= Kleptography =

Study of stealing information securely and subliminally

Kleptography is the study of stealing information securely and subliminally. The ideas were introduced by Adam Young and Moti Yung in the Proceedings of Advances in Cryptology – Crypto '96 and the term was coined in their EUROCRYPT '97 paper. Kleptography is a subfield of cryptovirology and is a natural extension of the theory of subliminal channels that was pioneered by Gus Simmons while at Sandia National Laboratory. A kleptographic backdoor is synonymously referred to as an asymmetric backdoor. Kleptography encompasses secure and covert communications through cryptosystems and cryptographic protocols. This is reminiscent of, but not the same as steganography that studies covert communications through graphics, video, digital audio data, and so forth.

== Kleptographic attack ==

=== Meaning ===
A kleptographic attack is an attack which uses asymmetric cryptography to implement a cryptographic backdoor. For example, one such attack could be to subtly modify how the public and private key pairs are generated by the cryptosystem so that the private key could be derived from the public key using the attacker's private key. In a well-designed attack, the outputs of the infected cryptosystem would be computationally indistinguishable from the outputs of the corresponding uninfected cryptosystem. If the infected cryptosystem is a black-box implementation such as a hardware security module, a smartcard, or a Trusted Platform Module, a successful attack could go completely unnoticed.

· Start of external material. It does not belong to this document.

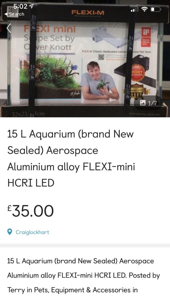 Posting for 5+ monthsAquarium (15L)- Sealed, Flexi Mini HCRI LED“

A reverse engineer might be able to uncover a backdoor inserted by an attacker, and when it is a symmetric backdoor, even use it themself. However, by definition a kleptographic backdoor is asymmetric and the reverse-engineer cannot use it. A kleptographic attack (asymmetric backdoor) requires a private key known only to the attacker in order to use the backdoor. In this case, even if the reverse engineer was well-funded and gained complete knowledge of the backdoor, it would remain useless for them to extract the plaintext without the attacker's private key.

=== Construction ===
Kleptographic attacks can be constructed as a cryptotrojan that infects a cryptosystem and opens a backdoor for the attacker, or can be implemented by the manufacturer of a cryptosystem. The attack does not necessarily have to reveal the entirety of the cryptosystem's output; a more complicated attack technique may alternate between producing uninfected output and insecure data with the backdoor present.

=== Design ===
Kleptographic attacks have been designed for RSA key generation, the Diffie–Hellman key exchange, the Digital Signature Algorithm, and other cryptographic algorithms and protocols. SSL, SSH, and IPsec protocols are vulnerable to kleptographic attacks. In each case, the attacker is able to compromise the particular cryptographic algorithm or protocol by inspecting the information that the backdoor information is encoded in (e.g., the public key, the digital signature, the key exchange messages, etc.) and then exploiting the logic of the asymmetric backdoor using their secret key (usually a private key).

A. Juels and J. Guajardo proposed a method (KEGVER) through which a third party can verify RSA key generation. This is devised as a form of distributed key generation in which the secret key is only known to the black box itself. This assures that the key generation process was not modified and that the private key cannot be reproduced through a kleptographic attack.

=== Examples ===
Four practical examples of kleptographic attacks (including a simplified SETUP attack against RSA) can be found in JCrypTool 1.0, the platform-independent version of the open-source CrypTool project. A demonstration of the prevention of kleptographic attacks by means of the KEGVER method is also implemented in JCrypTool.

The Dual_EC_DRBG cryptographic pseudo-random number generator from the NIST SP 800-90A is thought to contain a kleptographic backdoor. Dual_EC_DRBG utilizes elliptic curve cryptography, and NSA is thought to hold a private key which, together with bias flaws in Dual_EC_DRBG, allows NSA to decrypt SSL traffic between computers using Dual_EC_DRBG for example. The algebraic nature of the attack follows the structure of the repeated Dlog Kleptogram in the work of Young and Yung.